エクリアの説明を聞いたセレーネが呆けている中、ツーヤは静かな表情でエクリアを見つめて会釈した。

「……確かにその案ならば、シュバルツァー家にとっても我等メンフィルにとっても”益”になる話だな。―――エクリアの案に反対がある者や他に案がある者はいるか?」

「………………」

一方納得した様子で頷いたリウイはイリーナ達を見回して確認し、リウイの確認の言葉に対して反論や他の案がない事を示すかのように誰も答えなかった。

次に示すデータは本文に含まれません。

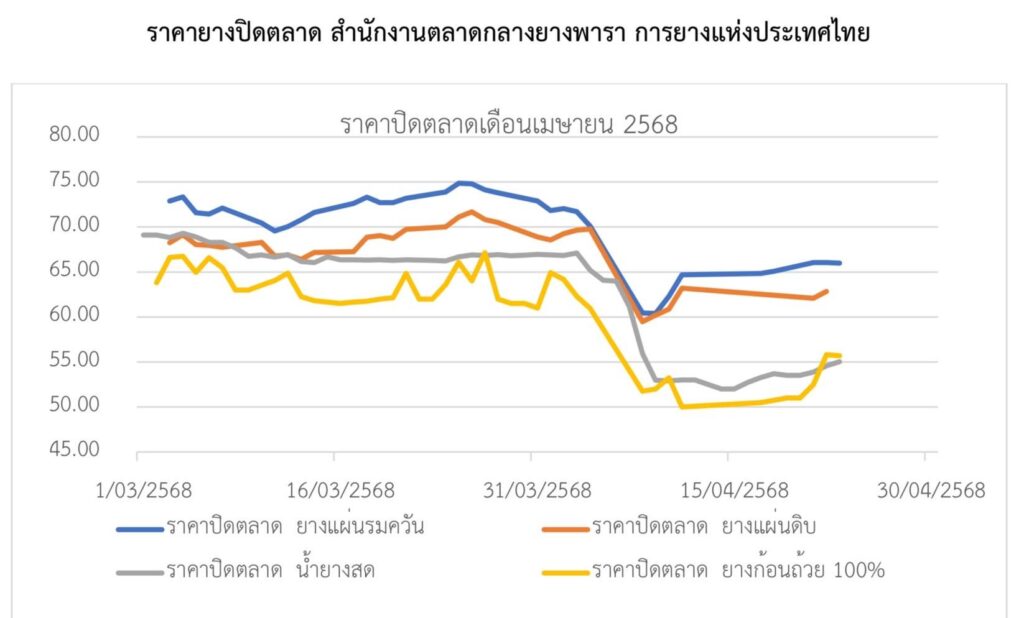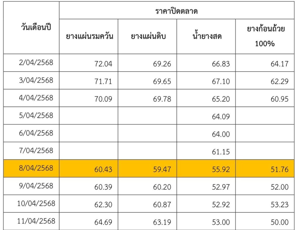 ศ.ดร.นฤมล ภิญโญสินวัฒน์ รัฐมนตรีว่าการกระทรวงเกษตรและสหกรณ์ แจ้งข่าวดีต่อพี่น้องเกษตรกรชาวสวนยาง ราคายางพาราทุกชนิดปรับตัวสูงขึ้น 3 – 10.3 บาทต่อกิโลกรัม หลังจากก่อนหน้านี้เมื่อเปิดตลาดวันที่ 8 เมษายน ราคายางทุกชนิดปรับลดลงหนักถึง 10 – 12 บาทต่อกิโลกรัมในวันเดียว สาเหตุจากมาตรการภาษีนำเข้าสหรัฐฯ ที่ประกาศโดยประธานาธิบดี Donald Trump เมื่อวันที่ 2 เมษายนที่ผ่านมา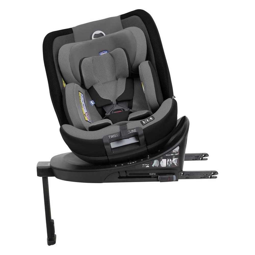 - SISTEMA TWIST-RECLINE: Il sistema Twist-Recline permette di ruotare il seggiolino e di reclinarlo in 3 posizioni diverse con la stessa maniglia posizionata frontalmente

「反対や他の案もないようだし、二人への褒美はエクリアの案とする。また、二人の希望通り、リィン・シュバルツァーが望む褒美を合計3個とする。」

「「はい!メンフィル帝国の寛大なお心遣いに心から感謝致します。」」

リウイの言葉に会釈をして答えた二人はリィン達の後ろへと下がった。

「最後にリィン・シュバルツァー。」

「ハッ!」

そしてリウイに名前を呼ばれたリィンは返事をした後リウイ達の前に出て跪いた。